Having disclosed some basic system components and concepts, the disclosure now turns to the exemplary method embodiment shown in FIG. 3. For the sake of clarity, the method is discussed in terms of an exemplary system such as is shown in FIG. 1 configured to practice the method.
FIG. 3 illustrates an example method embodiment for generalized preselection in unit selection synthesis. The method causes a computing device such as the system of FIG. 1 to perform the following steps. First, the system adds a supplemental phoneset to a speech synthesizer front end having an existing phoneset (202). Second, the system modifies a unit preselection process based on the supplemental phoneset (204). As set forth above, the supplemental phoneset can be a variation of the existing phoneset such as a word boundary feature, a cluster feature where initial consonant clusters and some word boundaries are marked with diacritics, a function word feature which marks units as originating from a function word or a content word, and a pre-vocalic and/or post-vocalic feature. The speech synthesizer front end can incorporate the supplemental phonesets as extra features.

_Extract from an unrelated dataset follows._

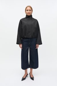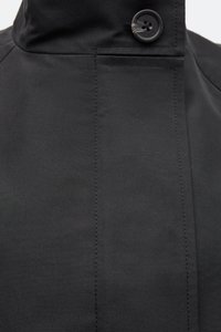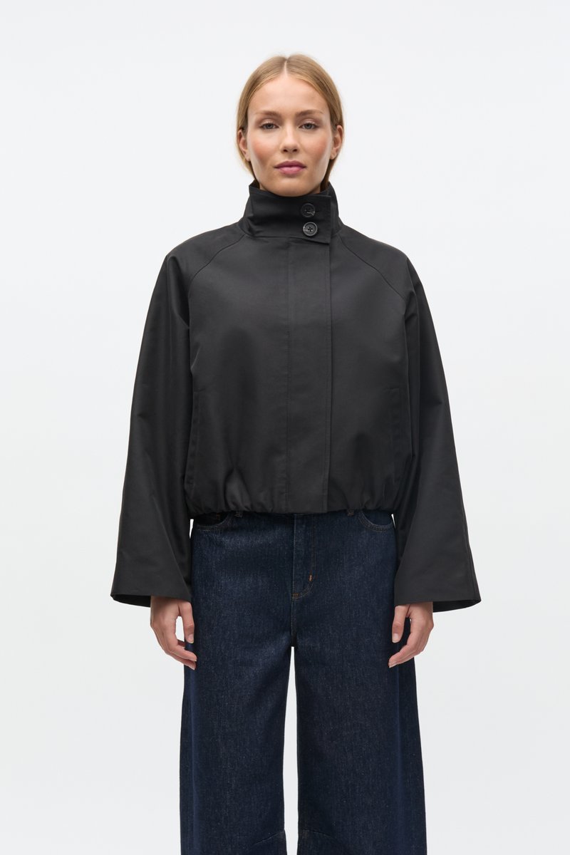 Μαύρο κοντό μπουφάν με ψηλό γιακά, κούμπωμα με κουμπιά και φαρδιά μανίκια. Το ύφασμα φαίνεται λείο και ανθεκτικό στις καιρικές συνθήκες. Φοριέται με σκούρο τζιν.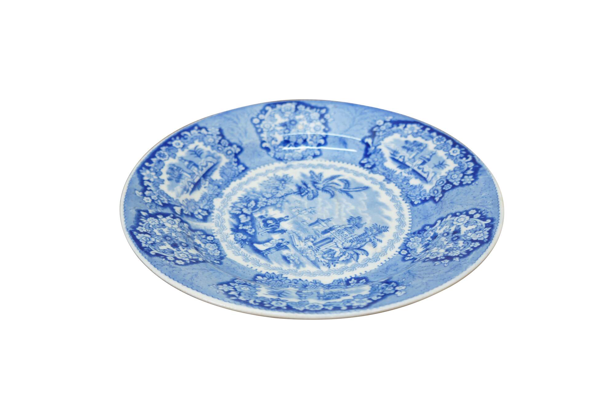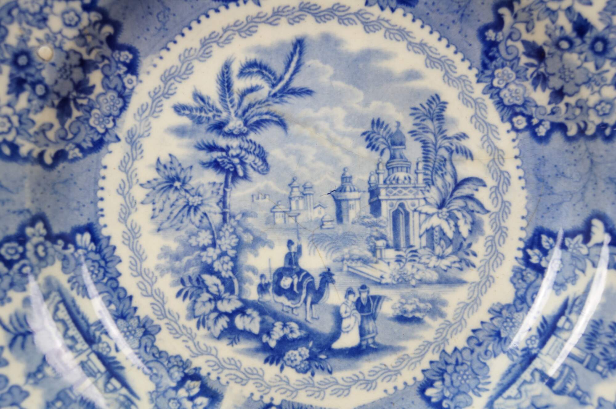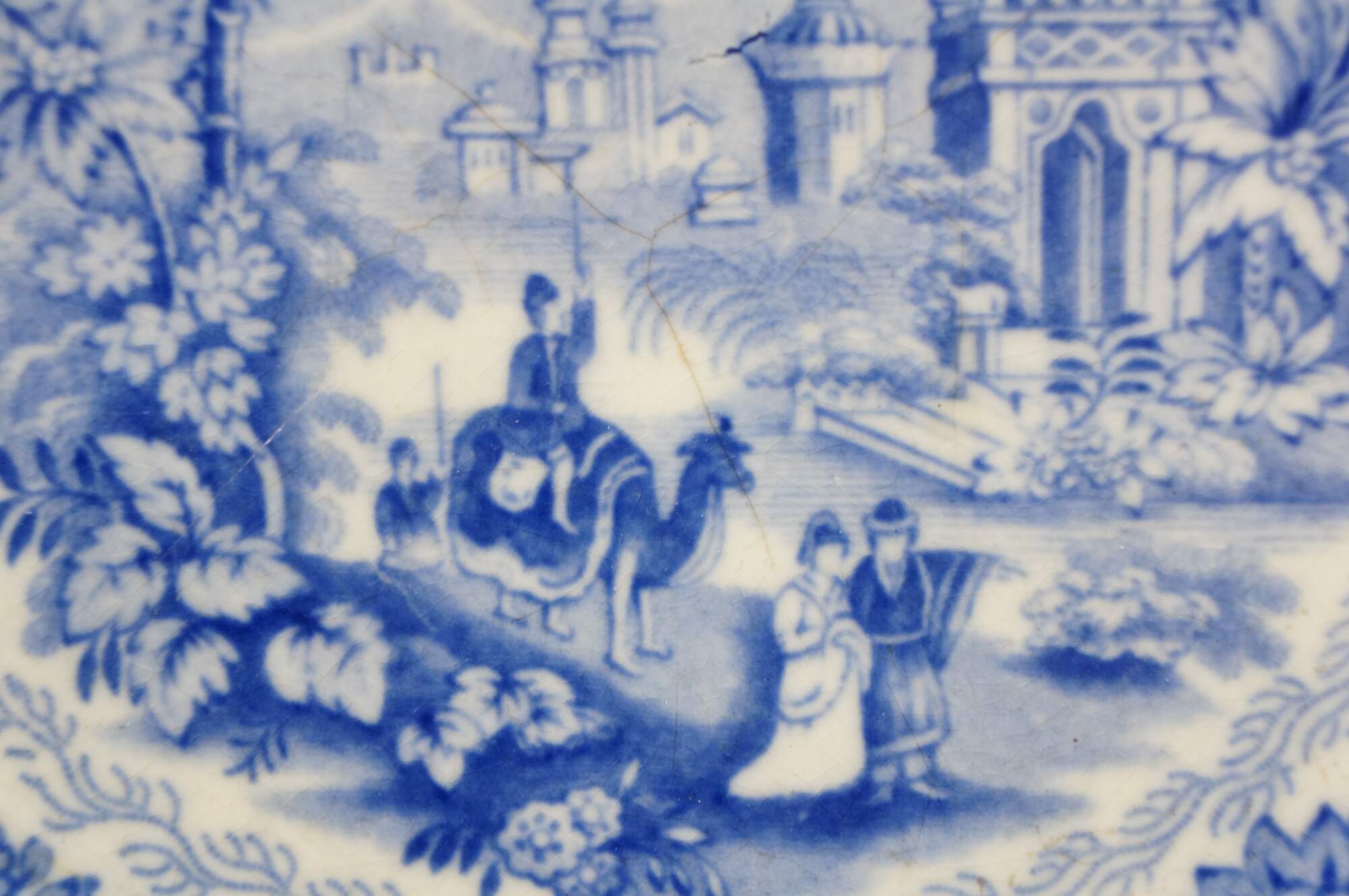 Antique Dutch transferware plate in the Oriental Blue pattern by Petrus Regout & Co. of Maastricht. The plate features a blue and white Chinoiserie design with an exotic landscape, Palaces / Castles, and a procession with camels.

The system preselects units from the supplemental phoneset and the existing phoneset based on the modified unit preselection process (206). Preselecting units can include assigning costs to units in one phoneset based on whether a unit of interest agrees in terms of another phoneset. The system generates speech based on the preselected units (208).

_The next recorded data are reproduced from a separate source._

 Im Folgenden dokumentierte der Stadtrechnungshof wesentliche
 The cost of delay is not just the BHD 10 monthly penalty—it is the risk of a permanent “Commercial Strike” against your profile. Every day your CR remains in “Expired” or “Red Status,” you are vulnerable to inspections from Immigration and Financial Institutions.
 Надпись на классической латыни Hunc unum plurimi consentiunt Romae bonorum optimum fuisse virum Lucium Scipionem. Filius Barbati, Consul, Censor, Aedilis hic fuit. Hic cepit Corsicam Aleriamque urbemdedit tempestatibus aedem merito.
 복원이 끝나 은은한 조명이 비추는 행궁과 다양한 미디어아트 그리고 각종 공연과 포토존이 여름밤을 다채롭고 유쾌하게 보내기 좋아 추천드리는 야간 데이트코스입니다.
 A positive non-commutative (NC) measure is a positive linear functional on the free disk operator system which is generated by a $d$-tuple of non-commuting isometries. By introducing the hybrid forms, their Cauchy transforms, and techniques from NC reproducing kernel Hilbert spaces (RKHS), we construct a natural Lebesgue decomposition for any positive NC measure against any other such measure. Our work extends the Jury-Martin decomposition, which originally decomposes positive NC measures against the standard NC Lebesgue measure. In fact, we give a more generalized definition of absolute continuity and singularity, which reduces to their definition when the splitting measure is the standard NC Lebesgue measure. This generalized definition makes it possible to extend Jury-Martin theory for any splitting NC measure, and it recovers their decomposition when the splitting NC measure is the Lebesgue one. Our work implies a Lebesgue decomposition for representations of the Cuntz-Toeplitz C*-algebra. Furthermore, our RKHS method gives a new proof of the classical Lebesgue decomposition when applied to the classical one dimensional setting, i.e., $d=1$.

The solution described herein is language independent, whereas a pre-/post-vocalic feature-based approach as described in U.S. patent application Ser. No. 11/535,146 is not. The solution preselects units more effectively, and makes better, more complete use of the database. The system can retain an old phoneset and supplement the information in the phoneset with more detailed information as it becomes available (through automatic learning, manual data entry, and/or other sources) in order to make finer, more accurate distinctions in the preselection process. The system has no need to recalculate its existing phoneme comparison matrix each time new phonemes are added. Further, this approach is more flexible. For example, boundaries are not categorical as in U.S. patent application Ser. No. 11/535,146, but the system can control boundaries by weights.

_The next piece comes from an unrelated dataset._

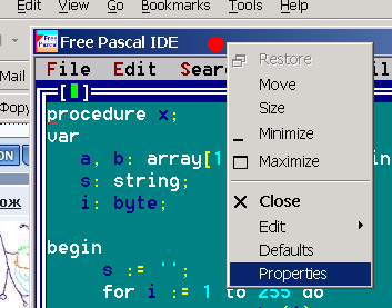Цитата Щёлкни правой на Title Bar (где написано Free Pascal IDE), и выбери Ны появляется меню... -------------------- Доброго времени суток.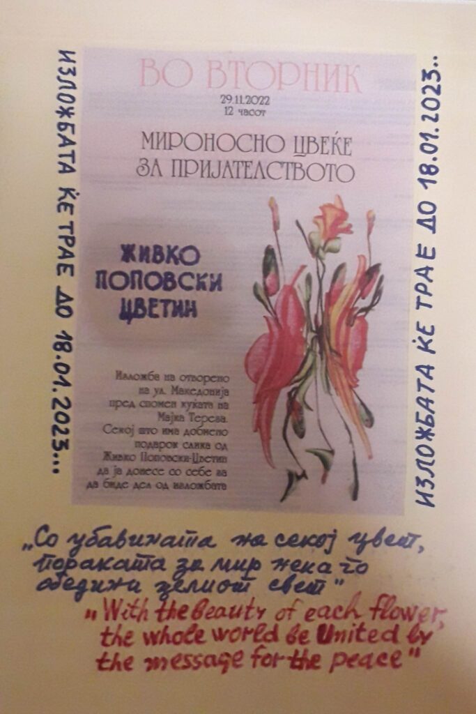 Перформансот, кој ќе се одржува со 18 јануари, 2023 година, се состои во спонтан собир на учесниците на улица Македонија, пред спомен куќата на Мајка Тереза, каде ќе бидат изложени сликите кои уметникот им ги подарува, додека пак тој ќе ја изложи својата „Цветна патека на мирот“ долга сто и еден метар.

Embodiments within the scope of the present disclosure may also include tangible computer-readable storage media for carrying or having computer-executable instructions or data structures stored thereon. Such computer-readable storage media can be any available media that can be accessed by a general purpose or special purpose computer, including the functional design of any special purpose processor as discussed above. By way of example, and not limitation, such computer-readable media can include RAM, ROM, EEPROM, CD-ROM or other optical disk storage, magnetic disk storage or other magnetic storage devices, or any other medium which can be used to carry or store desired program code means in the form of computer-executable instructions, data structures, or processor chip design. When information is transferred or provided over a network or another communications connection (either hardwired, wireless, or combination thereof) to a computer, the computer properly views the connection as a computer-readable medium. Thus, any such connection is properly termed a computer-readable medium. Combinations of the above should also be included within the scope of the computer-readable media.
Computer-executable instructions include, for example, instructions and data which cause a general purpose computer, special purpose computer, or special purpose processing device to perform a certain function or group of functions. Computer-executable instructions also include program modules that are executed by computers in stand-alone or network environments. Generally, program modules include routines, programs, components, data structures, objects, and the functions inherent in the design of special-purpose processors, etc. that perform particular tasks or implement particular abstract data types. Computer-executable instructions, associated data structures, and program modules represent examples of the program code means for executing steps of the methods disclosed herein. The particular sequence of such executable instructions or associated data structures represents examples of corresponding acts for implementing the functions described in such steps.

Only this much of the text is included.